23 Bleib jetzt bei mir und hab keine Angst! Denn der, der es auf dich abgesehen hat, will auch mich umbringen. Bei mir bist du also am sichersten."

Anmerkungen

(1) Adullam. Stadt in der Schefela, dem Hügelland von Juda, 26 km westlich von Jerusalem.

(2) Mizpe. 'Wachtturm'. Die genaue Lage dieses Ortes ist unbekannt.

(3) Heret. Die Lage des Waldes ist unbekannt, vielleicht westlich oder südwestlich von Jerusalem.

(4) Die Tamariske ist ein reich verzweigter immergrüner Baum, der bis zu 10 Meter hoch wird.

David zog schließlich weiter nach Adullam, wo sich eine Schar von Männern um ihn sammelte. Umgeben von Ausgestoßenen kümmerte er sich auch darum, dass seine Familie versorgt war, indem er seine Eltern nach Moab schickte.

Die Lüge Davids in Nob hatte weitreichende Folgen. Doeg, der alles mitbekommen hatte (1. Samuel 21, 8), berichtete Saul davon, dass die Priester David geholfen hatten. Saul bestrafte sie mit dem Tod, obwohl sie ja eigentlich von David hintergangen worden waren. So erfüllte sich auch die Gerichtsankündigung, welche der Hohepriester Eli einst erhalten hatte (1. Samuel 2,31).

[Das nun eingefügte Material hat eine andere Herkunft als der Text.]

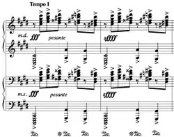 The fourth piece, called Polichinelle (Полишинель, Polishinyelʹ), is in an ambiguous key although often referred to as "in F♯ minor" (the F♯ minor triad has never been established throughout), and played Allegro vivace. It is a character piece, based on the Commedia dell'arte character Pulcinella (Polichinelle is the French translation of this word) from which Punch (from Punch and Judy) derives. It is in ternary form (ABA), beginning and ending with a fast section that gives way to a slower, lyrical melodious passage in the middle.
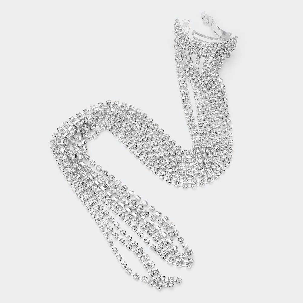 Rhinestone Embellished Metal Chain Hoop Earrings

Als der einzige Überlebende zu David kam, musste dieser seine Schuld eingestehen: “Ich bin schuld am Tod deiner ganzen Verwandtschaft.” (V22) Durch seine Sünde waren andere gestorben. Bei all dem darf man jedoch auch nicht die Schuld Sauls vergessen, der mehr und mehr seinem Wahnsinn verfiel und für rationale Argumente nicht mehr zugänglich war. Er ließ sich auch dann nicht aufhalten, als sich seine Männer weigerten seine Befehle auszuführen (V17).